Work required — For the listing that follows, give again exactly the lines from the one with "オーバーサイズのニットやカッ" to the one with "Lightweight, smooth, pure", including both.

Exercise data —

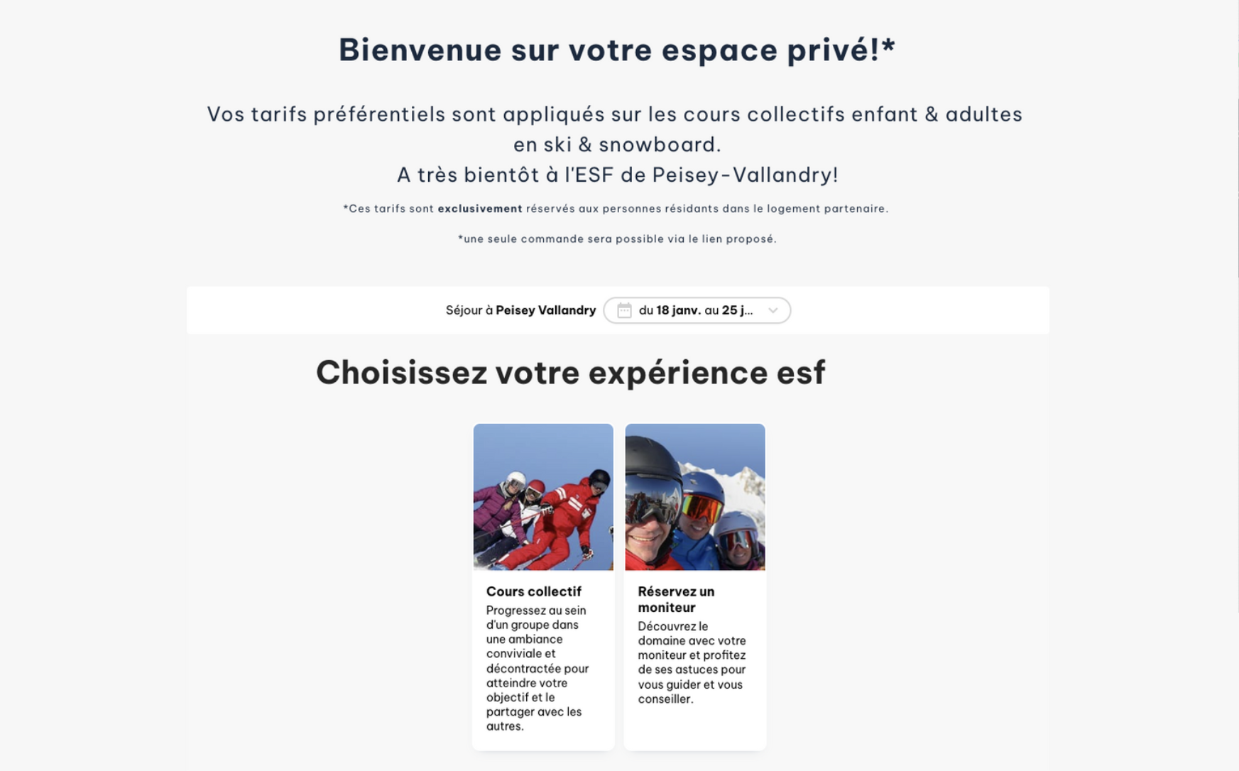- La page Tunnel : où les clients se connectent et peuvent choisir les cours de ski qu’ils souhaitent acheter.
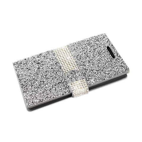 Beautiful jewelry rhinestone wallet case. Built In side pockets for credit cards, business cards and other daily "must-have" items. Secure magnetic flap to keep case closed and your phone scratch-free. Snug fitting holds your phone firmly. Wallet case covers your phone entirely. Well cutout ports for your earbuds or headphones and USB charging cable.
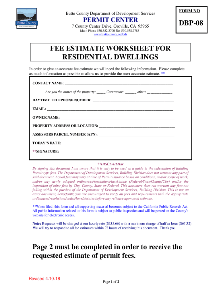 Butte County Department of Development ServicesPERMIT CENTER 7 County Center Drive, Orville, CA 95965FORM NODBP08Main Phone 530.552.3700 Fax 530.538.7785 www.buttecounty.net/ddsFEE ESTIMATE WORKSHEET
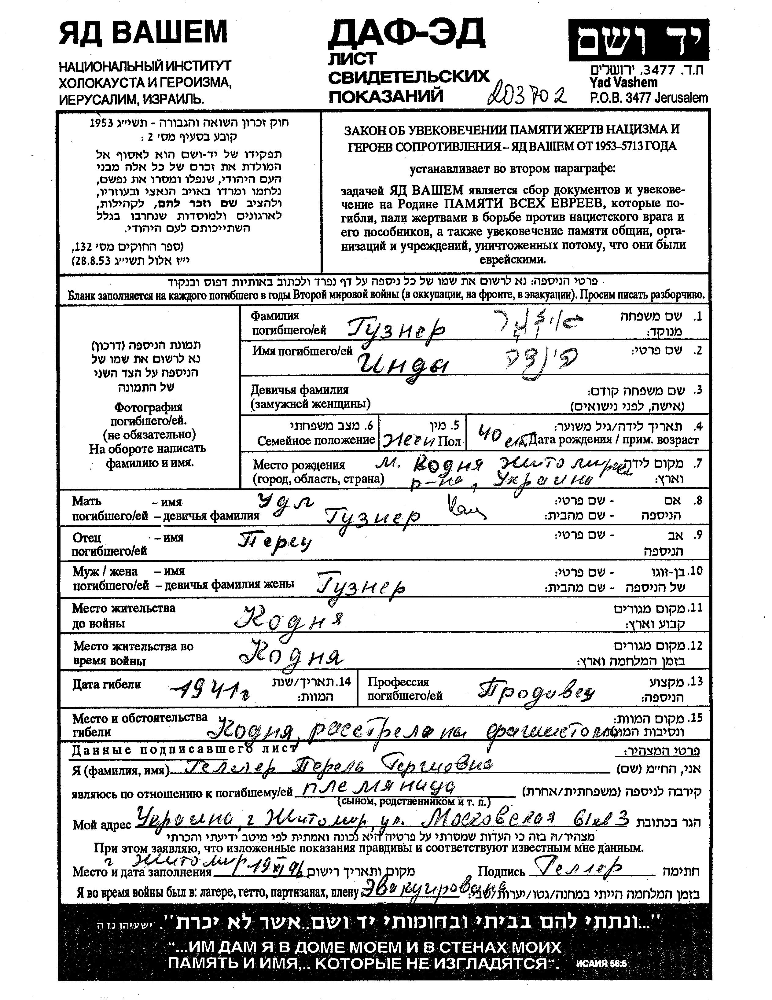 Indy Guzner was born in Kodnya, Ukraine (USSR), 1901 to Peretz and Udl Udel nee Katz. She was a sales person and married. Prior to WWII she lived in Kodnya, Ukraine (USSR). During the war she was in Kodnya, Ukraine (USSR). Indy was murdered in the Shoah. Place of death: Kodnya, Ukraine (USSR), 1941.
* * *
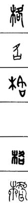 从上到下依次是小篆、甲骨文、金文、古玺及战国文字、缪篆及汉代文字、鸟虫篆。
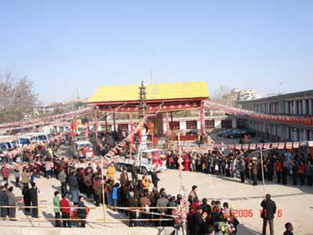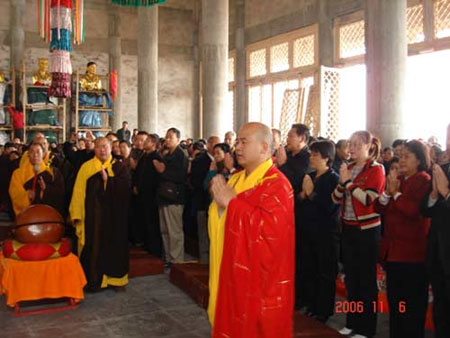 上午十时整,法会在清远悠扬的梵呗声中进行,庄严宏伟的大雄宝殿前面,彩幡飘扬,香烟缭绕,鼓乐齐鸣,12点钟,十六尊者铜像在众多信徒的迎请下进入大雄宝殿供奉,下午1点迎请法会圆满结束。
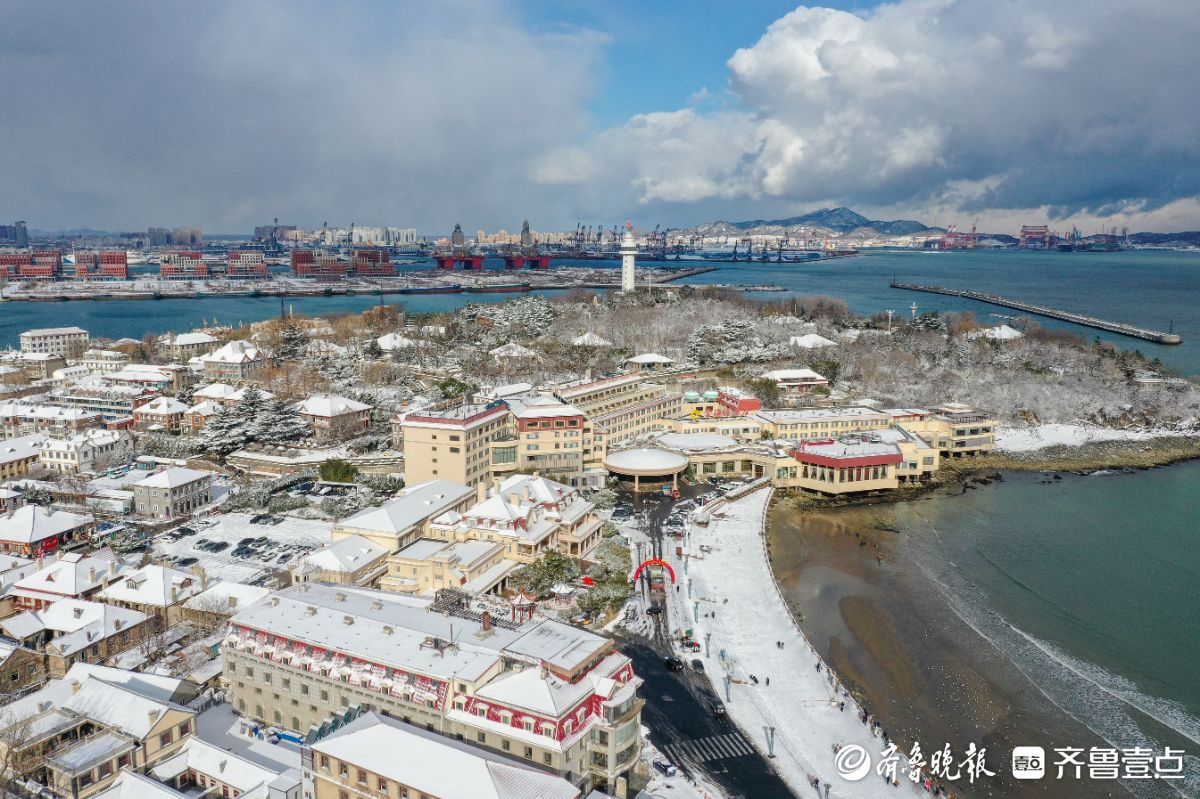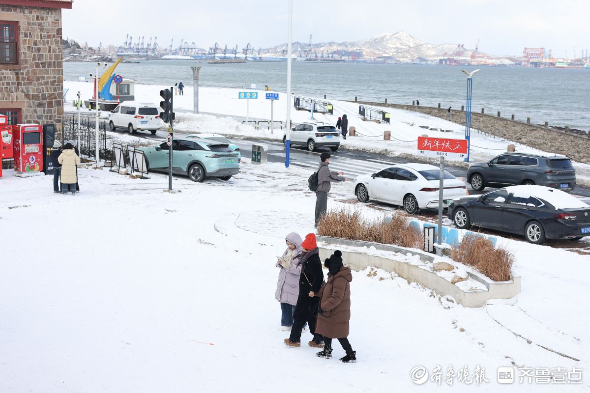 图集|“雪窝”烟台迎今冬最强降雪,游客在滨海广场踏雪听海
==
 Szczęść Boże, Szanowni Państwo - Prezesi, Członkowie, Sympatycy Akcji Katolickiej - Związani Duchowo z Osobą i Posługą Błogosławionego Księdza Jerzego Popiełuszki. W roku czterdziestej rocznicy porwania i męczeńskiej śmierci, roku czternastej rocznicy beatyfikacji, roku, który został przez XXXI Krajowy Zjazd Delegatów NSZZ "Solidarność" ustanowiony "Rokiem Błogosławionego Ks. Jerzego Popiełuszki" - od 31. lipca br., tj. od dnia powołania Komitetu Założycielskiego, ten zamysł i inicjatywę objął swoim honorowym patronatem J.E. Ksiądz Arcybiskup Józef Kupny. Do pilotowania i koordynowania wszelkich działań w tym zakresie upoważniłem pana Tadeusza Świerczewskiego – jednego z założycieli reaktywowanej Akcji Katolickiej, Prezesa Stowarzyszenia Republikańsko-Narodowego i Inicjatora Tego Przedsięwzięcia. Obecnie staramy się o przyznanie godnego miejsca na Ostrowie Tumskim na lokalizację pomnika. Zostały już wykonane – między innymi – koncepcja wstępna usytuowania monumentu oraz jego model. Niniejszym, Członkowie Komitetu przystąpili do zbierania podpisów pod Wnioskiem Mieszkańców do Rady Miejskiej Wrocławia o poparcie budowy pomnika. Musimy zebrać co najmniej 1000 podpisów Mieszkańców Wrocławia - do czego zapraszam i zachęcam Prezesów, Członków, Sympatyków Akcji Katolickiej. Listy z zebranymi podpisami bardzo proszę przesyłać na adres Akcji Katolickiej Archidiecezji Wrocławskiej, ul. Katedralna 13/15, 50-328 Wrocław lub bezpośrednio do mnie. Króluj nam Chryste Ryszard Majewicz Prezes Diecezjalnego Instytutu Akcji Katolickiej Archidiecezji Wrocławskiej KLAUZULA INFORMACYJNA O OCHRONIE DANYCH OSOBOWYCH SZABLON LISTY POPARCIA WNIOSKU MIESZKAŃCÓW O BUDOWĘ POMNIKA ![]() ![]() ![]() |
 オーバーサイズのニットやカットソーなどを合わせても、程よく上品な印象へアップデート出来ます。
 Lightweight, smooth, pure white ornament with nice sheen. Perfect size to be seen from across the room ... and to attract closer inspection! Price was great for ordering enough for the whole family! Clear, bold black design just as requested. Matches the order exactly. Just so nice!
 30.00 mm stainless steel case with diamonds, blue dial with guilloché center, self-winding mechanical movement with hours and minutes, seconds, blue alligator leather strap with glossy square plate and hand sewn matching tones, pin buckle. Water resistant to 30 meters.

Response below —
 オーバーサイズのニットやカットソーなどを合わせても、程よく上品な印象へアップデート出来ます。
 Lightweight, smooth, pure white ornament with nice sheen. Perfect size to be seen from across the room ... and to attract closer inspection! Price was great for ordering enough for the whole family! Clear, bold black design just as requested. Matches the order exactly. Just so nice!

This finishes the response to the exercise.